Optimized Experimental Procedure for the Synthesis of ( E )-3-Iodo-2-styrylquinolin-4(1 H )-ones 2a-c
Na₂CO₃ (0.064 g, 0.61 mmol) and I₂ (0.15 g, 0.61 mmol) were added to a solution of the appropriate (E)-2-styryl-quinolin-4(1H)-one 1a-c (0.40 mmol) in anhyd THF (25 mL). The mixture was stirred, protected from the daylight (to avoid the E/Z isomerisation), at r.t. until complete consumption of the starting material (4-5 h) and then poured into an aq sat. solution of Na₂S₂O₃. The solid obtained was filtered, washed with H₂O and crystallised from EtOH. (E)-3-Iodo-2-styrylquinolin-4(1H)-ones 2a-c were obtained as yellow solids (2a, 211.7 mg, 93%; 2b, 201.7 mg, 82%; 2c, 236.2 mg, 95%).

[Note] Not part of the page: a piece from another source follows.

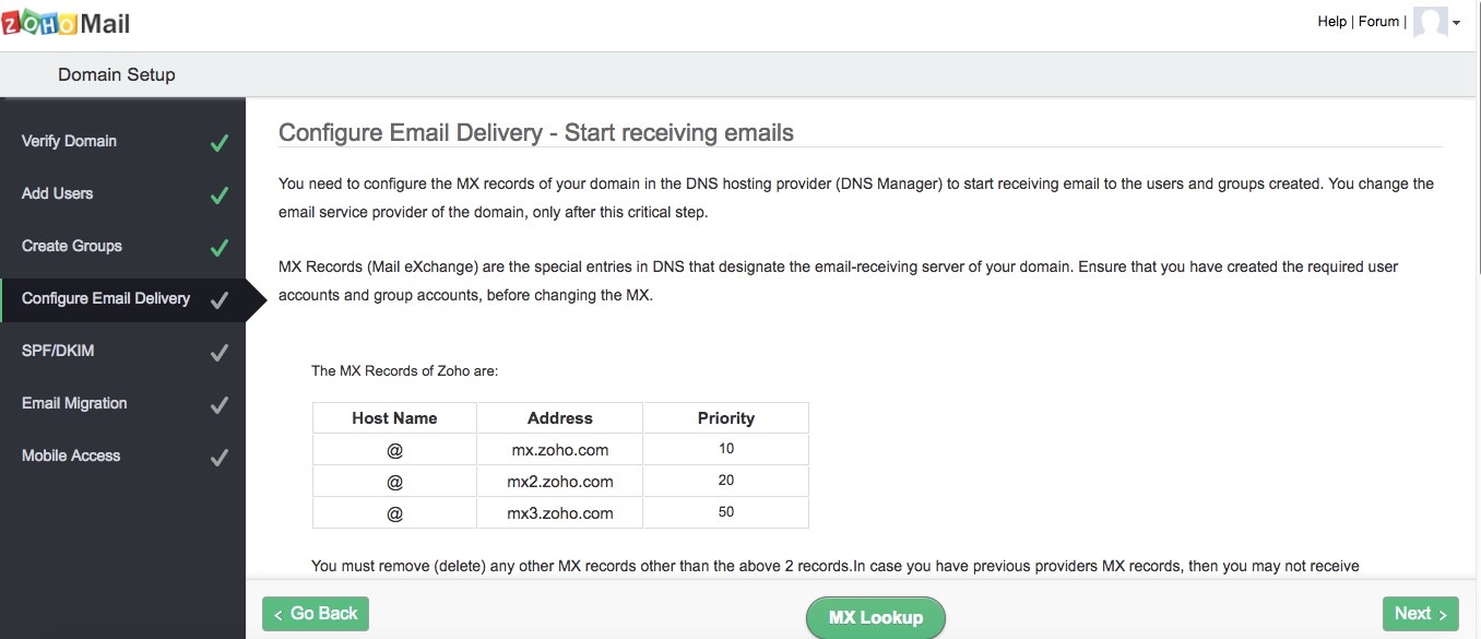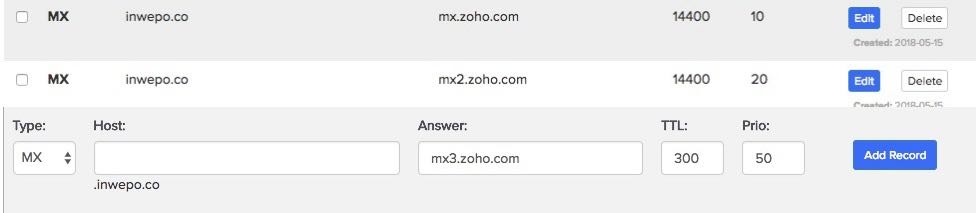 Answer: mx.zoho.com, mx2.zoho.com dan mx3.zoho.com

Analytical Data for ( E )-3-Iodo-2-styrylquinolin-4(1 H )-one (2a) Mp 194-197 ˚C. ^¹H NMR (300.13 MHz, DMSO-d ₆): δ = 7.39 (ddd, 1 H, J = 8.0, 6.8, 1.2 Hz, H-6), 7.43 (d, 1 H, J = 16.4 Hz, H-α), 7.45-7.57 (m, 3 H, H-3′,4′,5′), 7.55 (d, 1 H, J = 16.4 Hz, H-β), 7.70-7.76 (m, 3 H, H-7, H-2′,6′), 7.80 (d, 1 H, J = 8.4 Hz, H-8), 8.11 (dd, 1 H, J = 8.0, 1.2 Hz, H-5), 11.97 (s, 1 H, NH) ppm. ^¹³C NMR (75.47 MHz, DMSO-d ₆): δ = 87.5 (C-3), 118.3 (C-8), 120.8 (C-10), 124.0 (C-6), 125.5 (C-5), 126.4 (C-α), 127.4 (C-2′,6′), 129.2 (C-3′,5′), 129.7 (C-4′), 132.3 (C-7), 135.0 (C-1′), 137.1 (C-β), 139.4 (C-9), 147.6 (C-2), 173.4 (C-4) ppm. MS (ESI⁺): m/z (%) = 374 (100) [M + H]⁺, 396 (12) [M + Na]⁺, 769 (3) [2 M + Na]⁺. Anal. Calcd (%) for C₁₇H₁₂INO (373.19): C, 54.71; H, 3.24; N, 3.75. Found: C, 55.10; H, 3.17; N, 3.77.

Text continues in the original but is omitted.